Many people with physical disabilities pre-dating the 12 January 2010 earthquake are identifying themselves as direct quake victims so they can access services, according to Kate Gerry, physical therapist with Handicap International (HI).
“He is on a waiting list,” Gerry said of the gunshot-wound amputee. “He is someone who would benefit a lot from prosthesis; we can’t just turn him away.” HI’s current official remit, however, is to help quake victims only.
Assistance to Haitians wounded and disabled by the quake has underscored the challenges of carrying out an aid response in a country where pressing socio-economic problems existed long before the quake.
Some 60 percent of Haitians lack access to basic healthcare services, according to the UN Children’s Fund (UNICEF). But most aid funding is strictly for quake response.

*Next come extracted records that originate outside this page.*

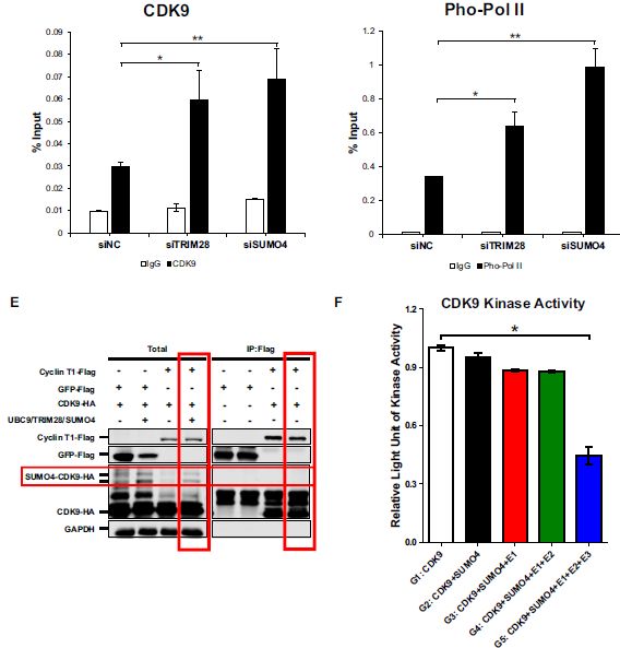Co-IP實(shí)驗(yàn)發(fā)現(xiàn)細(xì)胞周期蛋白Cyclin T1僅與野生型CDK9結(jié)合形成正性轉(zhuǎn)錄延伸因子P-TEFb復(fù)合物,而不是SUMO化的CDK9。為了研究TRIM28介導(dǎo)的CDK9 SUMO化是否影響CDK9的激酶活性,進(jìn)行了體外CDK9 SUMO化測(cè)定和CDK9激酶活性測(cè)定:發(fā)現(xiàn)當(dāng)TRIM28 SUMO化CDK9時(shí),CDK9的激酶活性顯著降低。不添加TRIM28,CDK9的激酶活性不受影響,盡管已添加其他SUMO化組分。
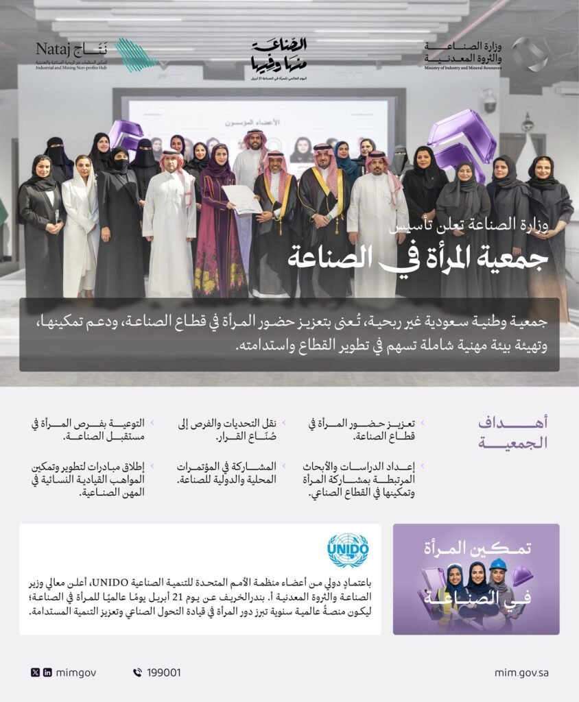 يذكر أن تأسيس جمعية المرأة في الصناعة غير الربحية، يأتي ضمن جهود وزارة الصناعة والثروة المعدنية؛ لتمكين القطاع غير الربحي، وتعزيز دوره في مجالات الصناعة والتعدين، وزيادة إسهامه وأثره المباشر في إجمالي الناتج المحلي للاقتصاد الوطني، وفقًا لمستهدفات رؤية المملكة 2030.
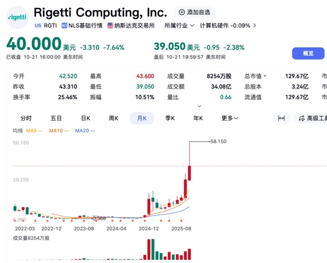 Rigetti Computing在过去一年的股价涨幅约3152%,最高涨幅约3700%,最新市值129.67亿美元。

“You need to keep the priorities as [the donors are setting out],” Faiz Rahman, HI prosthetics and orthotics project manager, told IRIN. He acknowledged there is “frustration” among people who are disabled but were not directly affected by the earthquake.

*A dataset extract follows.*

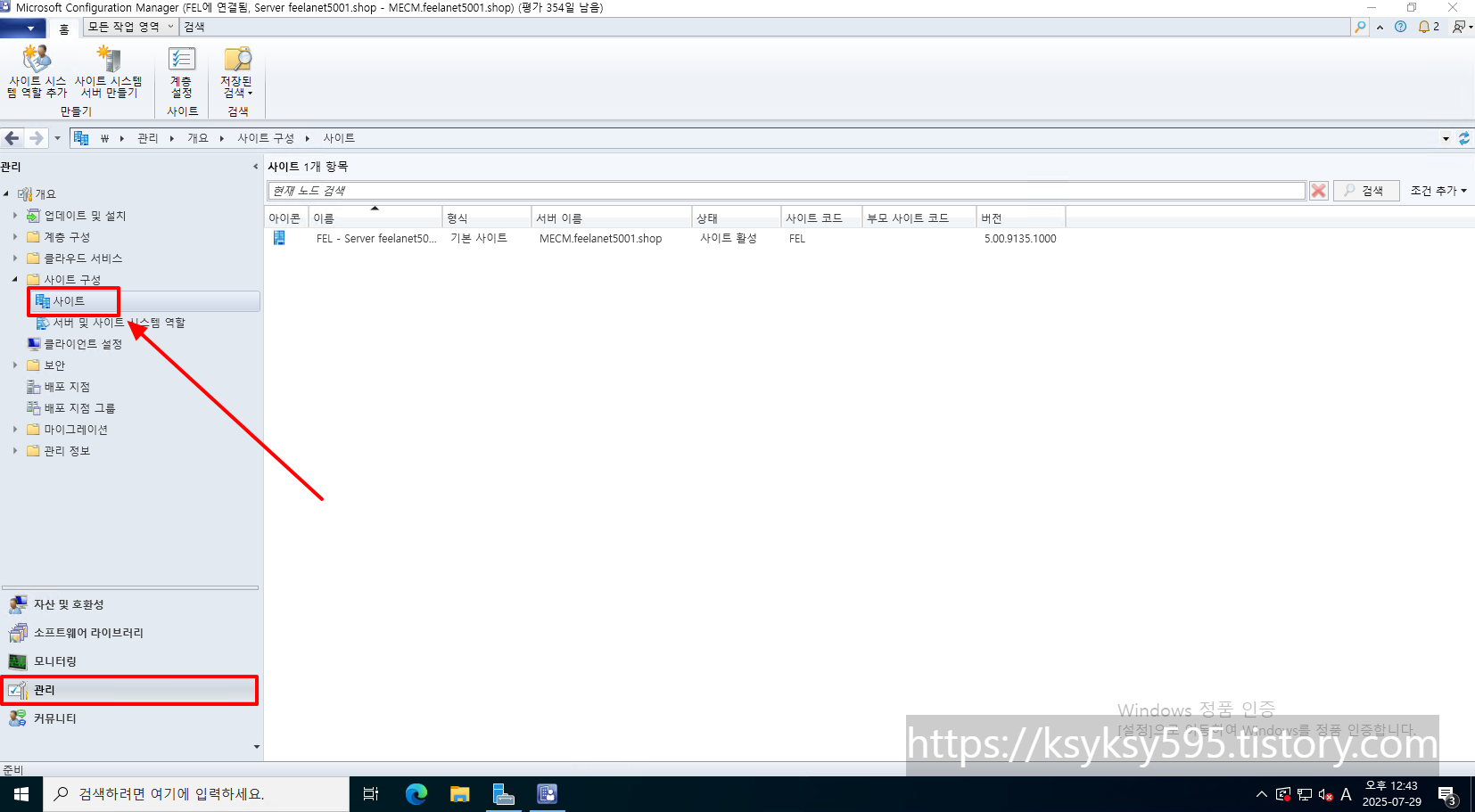 콘솔이 열리면, [관리] --> [사이트 구성] --> [사이트]로 이동합니다.
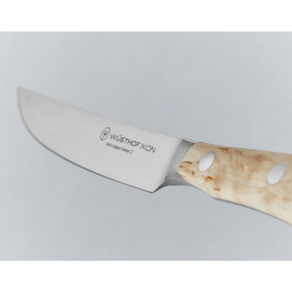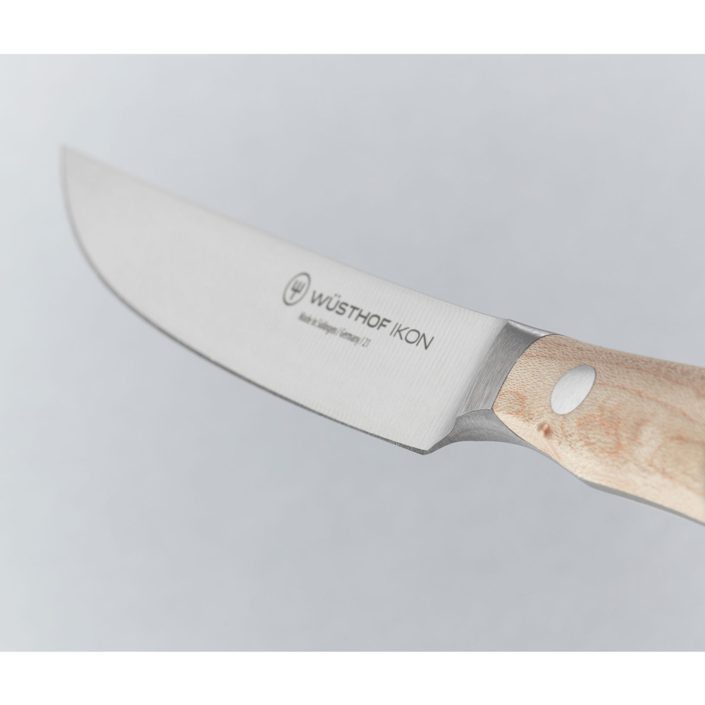 Ostrza wykuwane są z jednego kawałka wysokiej jakości stali wysokowęglowej, chromowo-molibdenowo-wanadowej charakteryzującej się wytrzymałością i trwałością. Na cały proces wykonania noża kutego składa się ponad 55 czynności dzielonych między zautomatyzowane linie produkcyjne i kunszt ręcznego wykończenia. Finalnie wykańczane ręcznie przez specjalistów WÜSTHOF noże zyskują najwyższą ostrość sprawiającą, że cięcie nożami IKON jest łatwe, szybkie i precyzyjne. Są to najostrzejsze noże w ofercie marki.

It is a delicate balance, Gerry said. “There are [funding constraints] and then there’s also the ethics - that there are people who really need [help]. Who cares how they lost their limbs?”
Local NGO J’aime Haiti estimates that just 5 percent of disabled Haitians had access to health and social services pre-earthquake. Haiti ranks 149 out of 182 countries in the UN’s latest Human Development Index.
A paper by Active Learning Network for Accountability and Performance in Humanitarian Action (ALNAP) sets out the context of the quake response, noting that most Haitians survive in the informal sector, with no guarantee of income or access to capital.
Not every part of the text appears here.